As the degrees of freedom (from increasing sample size) increases this will get closer (asymptotically approach) a *standard* normal distribution $Z \sim N(\mu = 0, \sigma = 1)$. You can play with this by changing the value for `sample_size`. 

1. What happens to the observed $t$, and theoretical $t$ as sample size increases (try values 5, 10, 20, 30, 40)? **hint** focus on the tails of the distribution (where extreme values would be).
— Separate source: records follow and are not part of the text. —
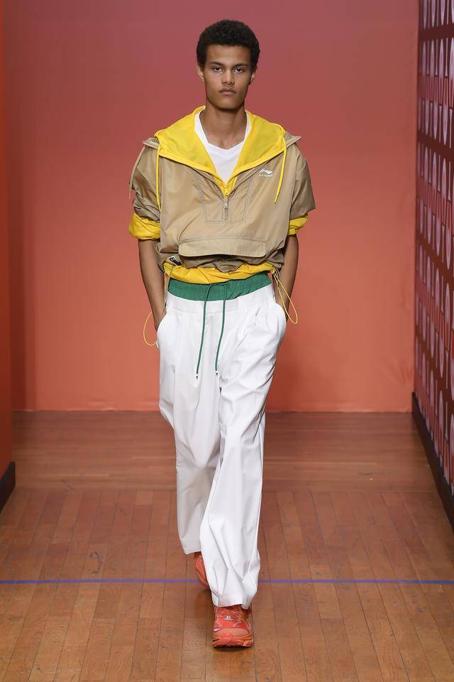 在运动装的规划上,能够袖部抽褶、腰部抽褶、部分抽褶等,让服装愈加百变。本季李宁的长款大衣,便能够终究靠抽绳完成“男女共穿”——若抽绳天然松懈,男生能够将它当外套穿;若系紧抽绳,则变成了运动复古风的裙装。
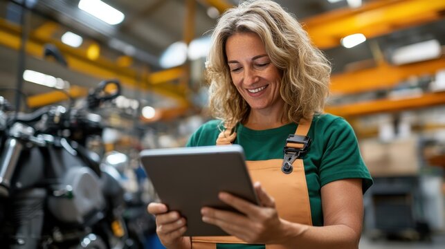Female mechanic using a digital tablet for diagnostics in a bike workshop. Woman technician checking repair manuals on a screen in a garage.
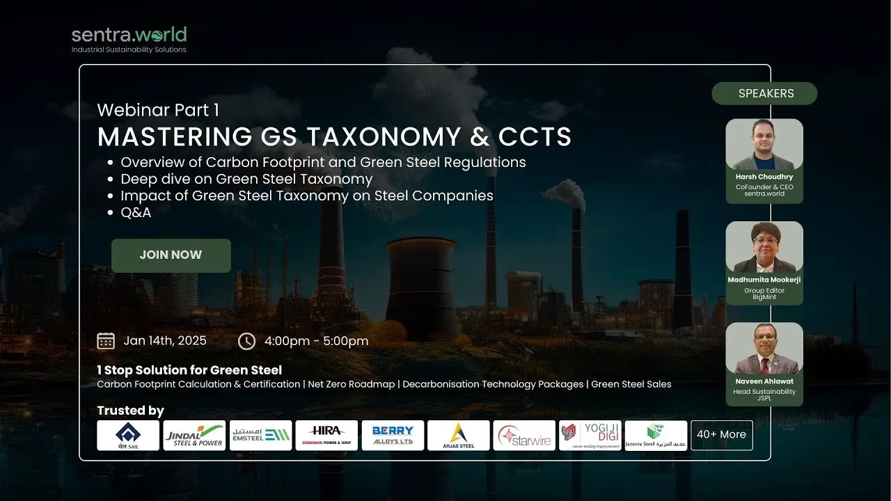 Thank you for attending our webinar on Mastering Green Steel Taxonomy & CCTS. We sincerely hope you found the session valuable and insightful for your work. In this webinar, industry experts guided participants through essential strategies for navigating the Green Steel Taxonomy and the Carbon Credit Trading System (CCTS).
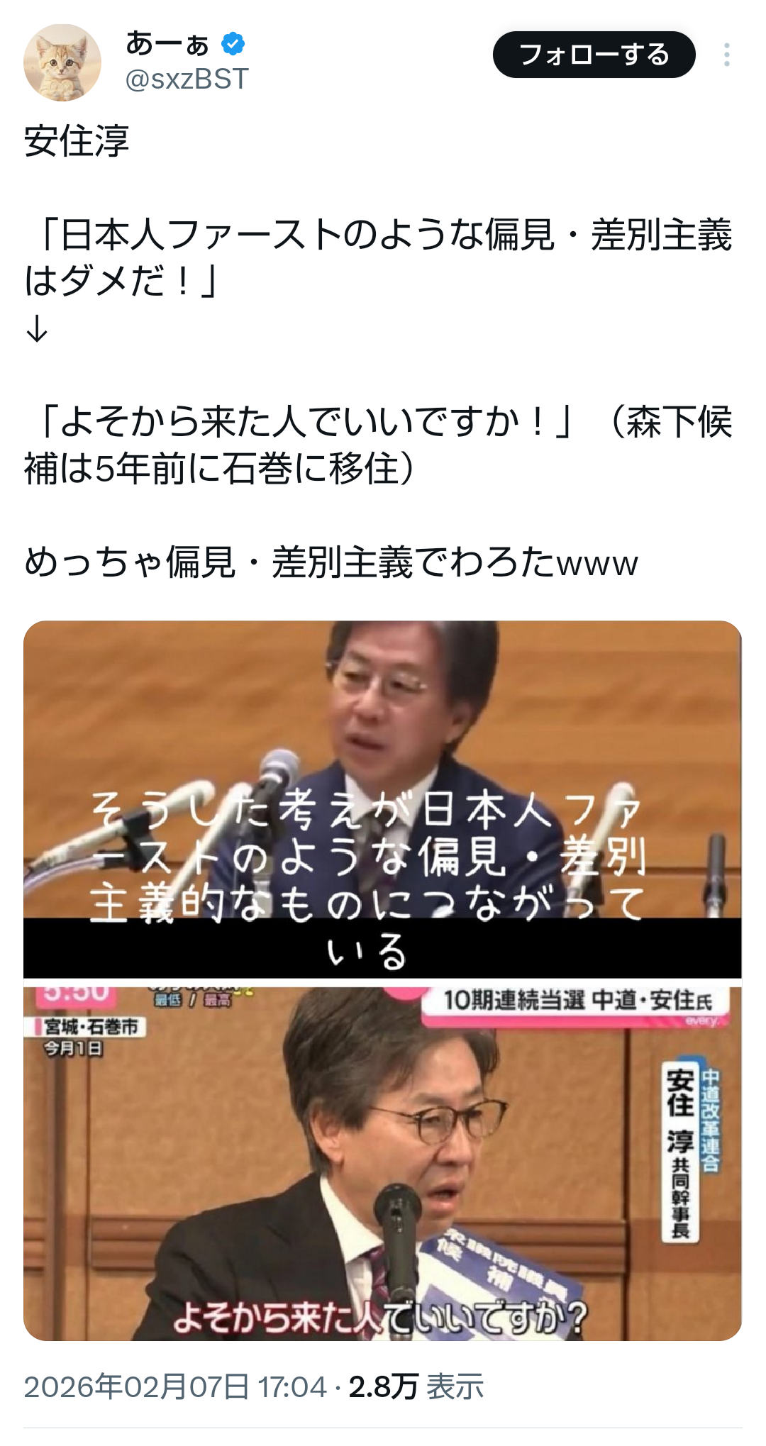 | … | 274無題Name名無し 26/02/08(日)15:29:15No.778400そうだねx1 1770532155824.png-(1270897 B) https://x.com/i/status/2020329572861112762 |
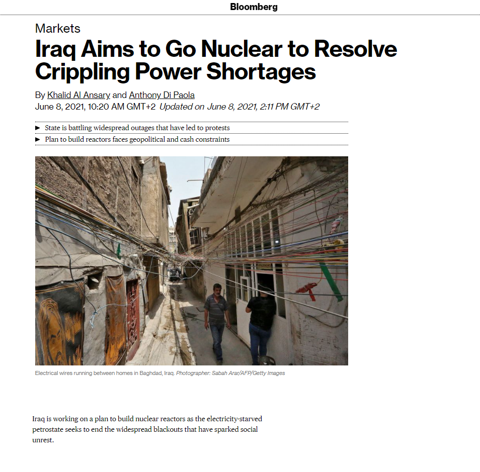 وبحسب بلومبرغ فإن العراق قد يصل إلى إنتاج 22 ألف ميغاواط من الكهرباء في أغسطس وهو أقل من الطلب الافتراضي البالغ 28 ألف ميغاواط في الظروف العادية , وأنه حتى بعد بناء المفاعلات النووية ستكون هناك فجوة بمقدار 10 آلاف ميغاواط في عام 2030 حيث سيصل الطلب المتوقع إلى 42 ألف ميغاواط , مشيرة إلى أن العراق في حاجة إلى ضخ استثمارات كبيرة في قطاع الكهرباء وتوفير الحد الأدنى من المتطلبات الأمنية لتنفيذ مشاريع مع شركات مثل جنرال إلكتريك أو سيمينز المتخصصتين في الطاقة.

2. Change what happens when your observations do not come from the same "distribution" as your "hypothesis". What happens to your observed values for $t$ compared to the theoretical values? **hint** focus again on the tails of the distribution.Please explain Why.

3. Why do we care about the probabilities in the tails of the distributions?

4. Based on this, when do you think a *t distribution* is best to be used as compared to a standard normal (Z) distribution?